Hacía un par de meses ella y la abuela tomaron mis medidas y fue fácil deducir cuál sería mi regalo de cumpleaños… Un vestido. Mamá conocía muy bien mi talla de pantalón. Ella trabajaba en la fábrica de rayón y, si alguna pieza tenía un desperfecto, ella lo separaba para mí. Mi armario tenía cinco o seis prendas y desde mi cumpleaños, el día anterior, tres vestidos ceñidos al cuerpo. Aunque no lo dijo, sabía que eran las mejores prendas de mamá. Los que utilizó solo en ocasiones especiales. No era que fuéramos pobres, era que los vestidos y yo teníamos una historia que no deseaba recordar.
Pero al cumplir dieciocho debía lucir como una mujer, mas no permitiría que mamá gastara su dinero. Los abuelos se mudaron con nosotras hacía cinco años y ella se negaba a aceptar su ayuda. Durante dos años atendí mesas en la fuente de sodas y desde hacía un mes trabajaba en el área de niños en el Mick or Mack que abrió en la avenida Memorial. Casi todo lo que ganaba se lo escondía a mamá en su bolso.
Ya llegaría el día en que decidiría comprarme un vestido nuevo. Por lo pronto, los de ella eran hermosos, con grandes estampados de flores, rayas y cuadros.
Me coloqué los guantes mientras la abuela acomodaba el sombrero en mi cabeza y repasaba mi boca con su labial rojo.
—Solo un poquito. —Me guiñó un ojo.
Llegamos a la sala. Mamá y el abuelo nos esperaban en el sillón cubierto de plástico, veían una repetición de What’s my line. Ambos se pusieron de pie. Ella corrió a abrazarme. El abuelo irradiaba felicidad… Hasta que se fijó en mi rostro.
—Esos labios —me amonestó.
—Padre, déjala. —Mamá acomodó mi cabello ondulado producto de los rulos. Se le veía feliz—. Es solo por hoy, recuerda que vamos a celebrar.
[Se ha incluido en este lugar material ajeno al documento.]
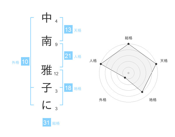 中南 雅子にさんの天格は13画の5点!

—Nunca me ha gustado. —El rostro del abuelo se mantuvo adusto y pensé que tendría que quitarme el cosmético.
—Te casaste conmigo, ¿no? —intervino la abuela.
—Exacto. Tú eres una mujer casada. De ella van a pensar que es una aprendiz de flapper.
Mi madre y mi abuela rieron.
—Hacía mucho que no escuchaba esa frase.
Mamá cubrió la boca con la mano para ocultar su sonrisa, si bien el brillo de travesura en su mirada era inconfundible. Entretanto, yo me pregunté qué significaba esa expresión.
Salimos de la casa y subimos al Ford, propiedad del abuelo. Un auto del año veintitrés, sin embargo, lucía como el primer día con los cuidados que le daba. Fue un regalo, y solo se utilizaba para pasear los domingos.
Llegamos a la iglesia y saludamos al reverendo en la entrada. Siempre asistíamos a la primera misa del día. El tiempo era un concepto que debía respetarse y, contrario a cualquier otro día de la semana, el domingo estaba estructurado… Ojalá todos los días fueran así.
El pastor nos recordó el picnic que se celebraría la próxima semana. La abuela contribuiría con su pastel arremolinado de chocolate. Era uno de los pasteles favoritos de la comunidad, sin saber que ella sacó la receta de una revista y que no tenía mantequilla, huevo, ni leche. Era de los días de racionamiento.